4 main types of management styles

All managers have a unique technique of handling their duties. It includes routine tasks of planning, prioritizing, and organizing work efforts to achieve goals. The various ways of dealing with these tasks are called management styles. Amount of control over employees, the degree of freedom of actions, levels of accountability and management structures determine the quality and speed of decision-making, loyalty and development of the team in the process of work. Loosen control, and it may turn out that developers are doing something wrong. Try to keep track of everything and everybody, and the productive process will be blocked by the bureaucracy machine.

Developers often don't see the positive effect of the project management while everything is going well. While the negative impact is noticeable at once. Wasting of their time on frequent meetings, a lack of resources, an interference in their work cause conflicts, turnover and reduce performance of the whole team. The ability to balance between the needs of the environment, the team and the company is the most important ability of a good manager. Choosing a wrong behavior strategy and an unsuitable management style can cost businesses billions each year.

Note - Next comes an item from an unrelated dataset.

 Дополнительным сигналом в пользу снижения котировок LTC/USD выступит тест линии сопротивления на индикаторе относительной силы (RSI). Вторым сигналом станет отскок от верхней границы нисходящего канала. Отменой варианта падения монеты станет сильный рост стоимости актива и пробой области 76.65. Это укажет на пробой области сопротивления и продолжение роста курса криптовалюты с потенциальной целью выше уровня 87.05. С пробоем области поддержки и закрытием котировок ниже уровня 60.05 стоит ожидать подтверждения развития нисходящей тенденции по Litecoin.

All management styles can be categorized by 4 major types. None of them is the best or worst choice, although anyone can contribute to or hinder the achievement of goals under the appropriate conditions. The essence of these styles is intuitively understandable, and everyone probably met them at work and the everyday life.

1. Authoritative

In this management style, you are dealing with an "I-know-better" manager. Employees do exactly what they are told to do. The order and the way of actions are clearly defined, any deviations from the template and initiative are minimized. Managers do not take into consideration the ideas and suggestions of the subordinates. Variations of the style are:

  • Autocratic, coercive, or directive
  • Persuasive, or paternalistic
  • Exploitative, or visionary

If a manager is experienced enough, this type of management can lead to a fast decision-making process and stable team work. Conflicts and long disputes are excluded, since only one person is responsible for making decisions. The style is suitable in times of crisis when time is limited. It has also been successfully applied in conservative areas and organizations, where stability comes first. But it should be avoided as a permanent solution in IT projects since it leads to staff dissatisfaction and turnover. In addition, this approach prevents not only the full use of the experience and talents of team members, but also hampers the development of their skills.

Authoritative management

2. Democratic

This style's name speaks for itself. In a democratic type of management, leaders let employees engage in decision-making process. There also are some variations:

  • Consultative, or coaching
  • Participative, or pacesetting
  • Collaborative, or affiliative

All decisions are making together with the whole team by the majority. The communications go from both managers down to employees and from employees up to managers. The initiative and interest in the entire work process are encouraged by management. This style allows to fully use abilities of team members, make more conscious decisions, increase confidence in management among developers. On the other hand, the democracy slows down decision-making and can cause conflicts between employees. In addition, it is not effective when employees are not very experienced and need a strict supervision. The democratic management style assumes that the developers are independent enough and they do not need to explain each step, but only to set the main direction and project goals.

Democratic Management

3. Laissez-Faire

A laissez-faire (or delegative) style is the complete opposite of authoritative one. In this case, employees are allowed to make the majority of decisions on their own without discussion with managers, who are more interested in the results than in the implementation process, and do not interfere with the work while everything is going well. This style of management is popular in startups and technology companies, where independence and creativity are highly encouraged. However, not every team and situation are appropriate for such freedom of action.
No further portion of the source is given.